Голос Холта был на пределе слышимости, и в нем сквозил чистый гнев, точно холодный западный ветер на картине Уайета.
– Хочешь, чтобы я застрелил тебя у нее на глазах? Чтобы она запачкалась твоими мозгами? Это ты припас для нее?
Чья-то рука тянула меня назад.
Вивиан.
– Дэн, пожалуйста, не надо! Не делай этого!
Кажется, она кричала. В ушах звенело. Я опустил взгляд. Дуло пистолета смотрело мне в лицо. Если дернусь, он застрелит меня. Проще простого. Проще всего остального.
– Бери мою душу, но ее не трогай.
– Ты сделал свой выбор. Или ты забыл?
Вивиан прошла мимо меня. Я схватил ее за руку.
– Не иди!
– Не могу. Разве ты не видишь? – Она мягко высвободила свою руку из моей. – Я люблю тебя.
Я смотрел на Холта.
– Я убью тебя. – Из моих глаз покатились бессильные слезы. – Я убью тебя!
Говард перевел взгляд на Вивиан, последовал за ней и закрыл за собой дверь.
Щелчок замка.
Все почернело, закачалось.
Щелчок повторился – снова, и снова, и снова. Теперь он колотился о стенки черепа, гремел в ушах, бился о зрительный нерв, наполняя темноту оранжевыми всполохами, безумием, ища выход.
Я покажу ей выход, я покажу…
Держите ее! Митчелл, вернись!
Я подполз к стене и несколько раз приложился головой, пока что-то горячее не потекло вдоль переносицы и не закапало с носа.
86
Вивиан шла в трех футах, в кромешном мраке.
Стала бы она говорить «я люблю тебя», расскажи Митчелл ей правду? Нет. Проблема с честностью заключается в том, что, как правило, честен ты один.
Она не приняла его предложение уехать, поэтому сейчас он не мог ее отпустить. Все, что касалось ее, отзывалось в нем целым спектром странных и сложных чувств – от недоумения до чего-то горячего и безмерного, чему он не знал названия. Говард вспоминал, как они сидели напротив камина, и их тени протянулись через всю гостиную.
Ты больше не бросишь меня в темноте?
Но он был зол. На Митчелла. На себя. Много ли можно увидеть, отвернувшись? А в темноте?
Постепенно коридор сужался до пяти футов. Вообще-то до четырех футов и шести дюймов. По его расчетам, они уже некоторое время шагали под деревьями, отдаляясь от подвала и особняка. Старые ходы были найдены строителями в 1916 году.
Говард продолжал идти, закрыв глаза. Его лицо было бесстрастным.
Дверей в коридоре было всего две.
Они прошли мимо первой комнаты, в земляном полу которой весной 2015 года он обнаружил девять безымянных могил глубиной по три-четыре фута. Останки, на его взгляд, принадлежали детям. Говард не знал, кем они были или что с ними случилось, поскольку они жили и умерли задолго до его рождения. Он все равно перенес их и похоронил в лесу.
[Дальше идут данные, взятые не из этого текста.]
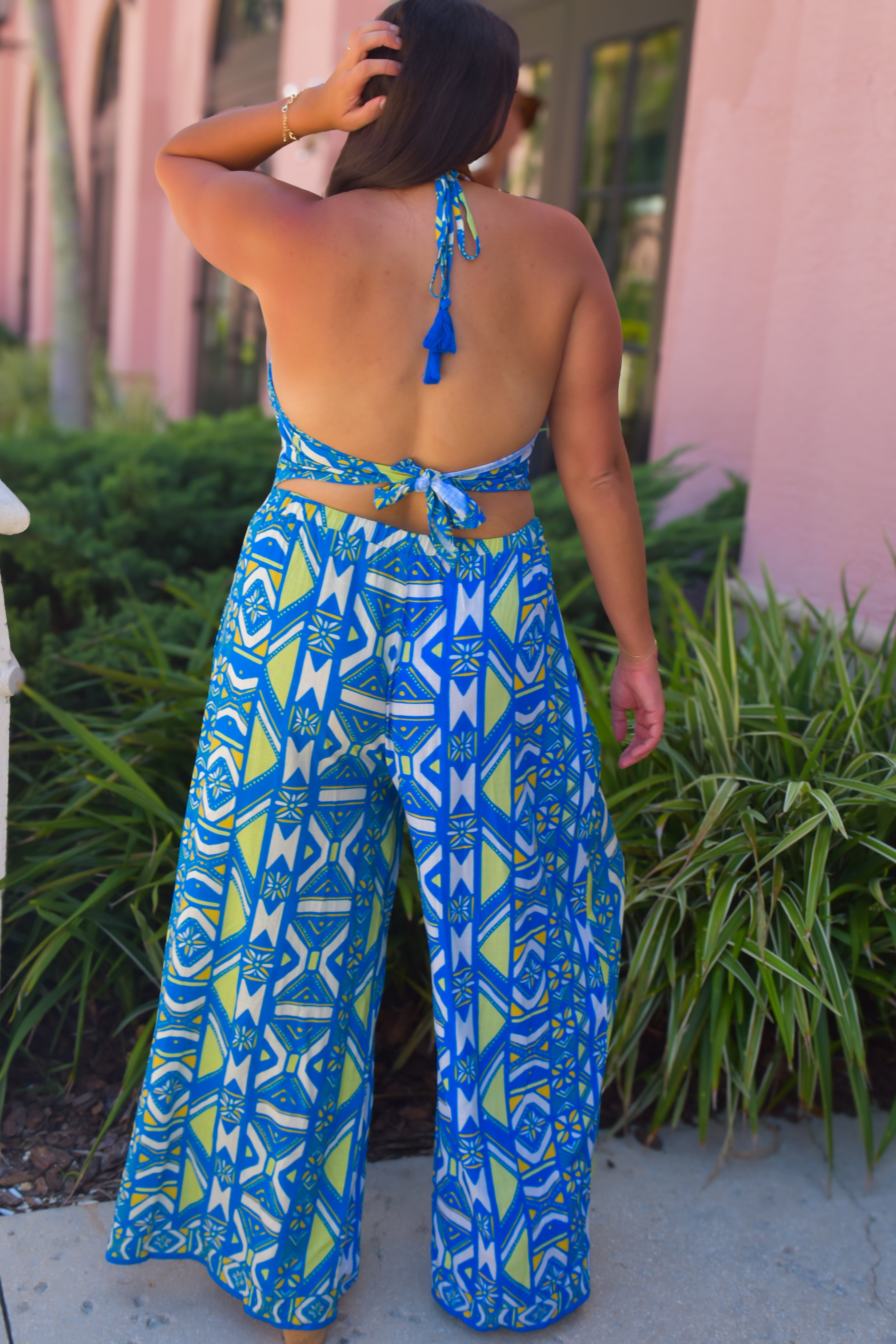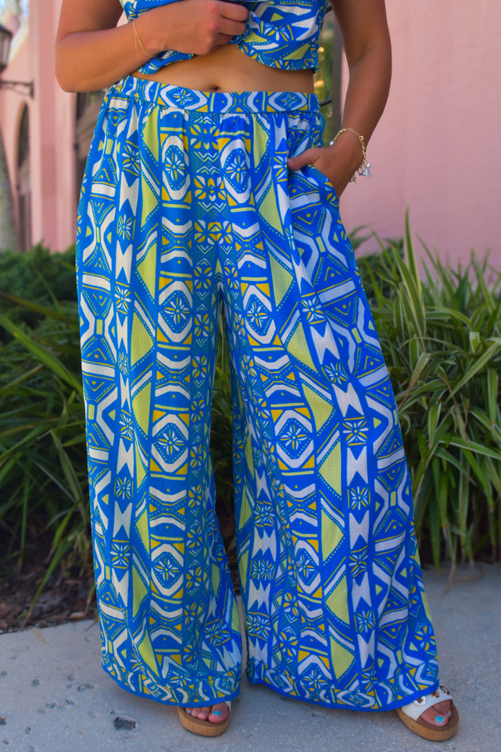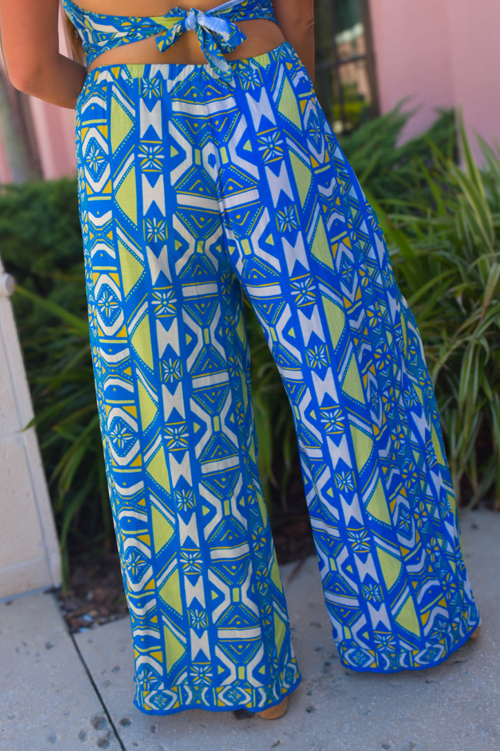 - Flow through summer in the Rio Vibes Wide-Leg Pants that match perfectly with the Rio Vibes Tie Back Top! Designed with the same bold tropical print as the top, these high-waisted pants feature an elastic back waistband and breezy, wide-leg silhouette for effortless movement and comfort. The lightweight fabric makes them a dream for beach trips, tropical nights, or just turning heads on the boardwalk.

Но могила – необязательное условие: если нет тела, то и предавать земле нечего.
– Стой, – велел Говард.
Вивиан остановилась.
Он открыл вторую дверь – ту, что в тупике.
Это ты называешь походом в кино или на танцы?
За дверью была комната с земляным полом (земля очень утоптана), в котором обосновалось сооружение, внутренний диаметр которого не превышал два фута.
Если бы его спросили, сколько лет колодцу, он бы сказал, что, пожалуй, лет двести. Возможно, больше. Старше особняка, старше озера. Кто его вырыл? Была ли там когда-то вода? Предназначалось ли это сооружение для воды?
Говард заглянул в колодец лишь раз, после чего разобрал выступающую над землей горловину, закрыл ее бетонной крышкой, засыпал землей. Люди нанимают рабочих углублять подвалы. Но в некоторых случаях подвал, наоборот, надо сделать не таким глубоким. А колодец был глубок. Когда Говард бросил в него камень, то не услышал, как тот коснулся дна: ни стука, ни плеска.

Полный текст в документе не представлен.